YOUR GOAL →
Retype only the lines below from the one with "Это блюдо получается" to the one with "避難訓練を終え、夕食となりま", inclusive, skipping every image.

SOURCE MATERIAL →

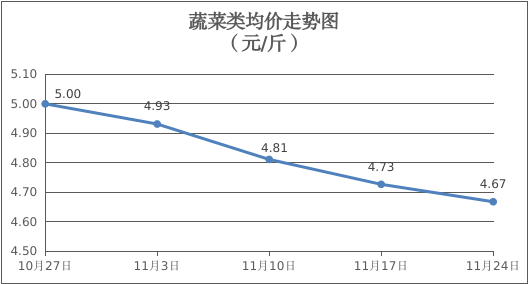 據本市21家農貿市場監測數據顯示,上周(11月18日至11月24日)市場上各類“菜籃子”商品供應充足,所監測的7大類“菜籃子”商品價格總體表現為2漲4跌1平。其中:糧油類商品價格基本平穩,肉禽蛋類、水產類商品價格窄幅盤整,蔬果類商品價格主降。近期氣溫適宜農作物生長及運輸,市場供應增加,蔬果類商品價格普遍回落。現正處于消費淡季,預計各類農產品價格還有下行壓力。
* * *
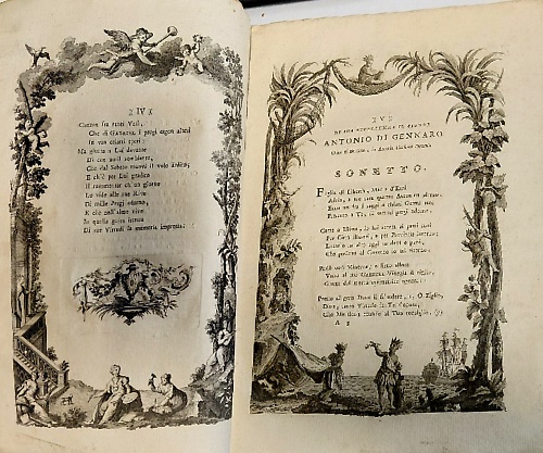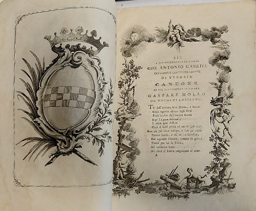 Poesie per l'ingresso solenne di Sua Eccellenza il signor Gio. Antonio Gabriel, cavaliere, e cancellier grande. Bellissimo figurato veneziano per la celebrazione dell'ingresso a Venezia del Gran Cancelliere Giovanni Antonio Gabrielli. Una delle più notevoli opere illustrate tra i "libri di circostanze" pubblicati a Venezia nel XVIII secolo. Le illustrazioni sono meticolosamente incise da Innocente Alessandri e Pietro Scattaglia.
---
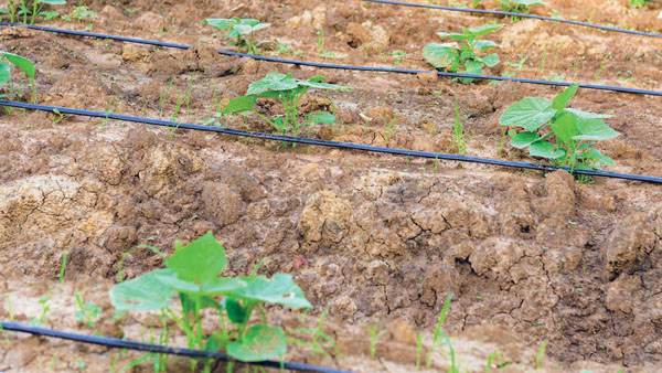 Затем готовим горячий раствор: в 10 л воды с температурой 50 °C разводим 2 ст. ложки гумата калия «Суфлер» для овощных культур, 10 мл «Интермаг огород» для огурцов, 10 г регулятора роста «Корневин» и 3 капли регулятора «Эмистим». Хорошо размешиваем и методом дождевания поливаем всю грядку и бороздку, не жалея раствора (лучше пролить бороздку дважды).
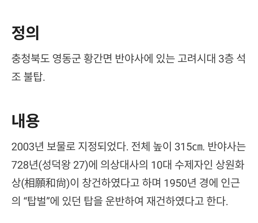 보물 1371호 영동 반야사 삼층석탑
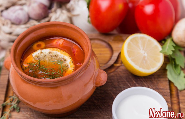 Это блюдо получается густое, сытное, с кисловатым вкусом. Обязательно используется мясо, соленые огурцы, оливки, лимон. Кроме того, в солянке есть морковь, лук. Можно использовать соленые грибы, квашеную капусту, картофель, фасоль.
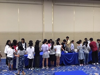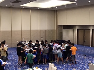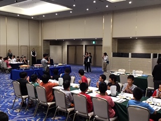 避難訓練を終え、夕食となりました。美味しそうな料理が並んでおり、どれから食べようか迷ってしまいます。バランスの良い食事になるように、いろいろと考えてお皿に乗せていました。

RESULT FOR THIS EXERCISE →
 Это блюдо получается густое, сытное, с кисловатым вкусом. Обязательно используется мясо, соленые огурцы, оливки, лимон. Кроме того, в солянке есть морковь, лук. Можно использовать соленые грибы, квашеную капусту, картофель, фасоль.
 避難訓練を終え、夕食となりました。美味しそうな料理が並んでおり、どれから食べようか迷ってしまいます。バランスの良い食事になるように、いろいろと考えてお皿に乗せていました。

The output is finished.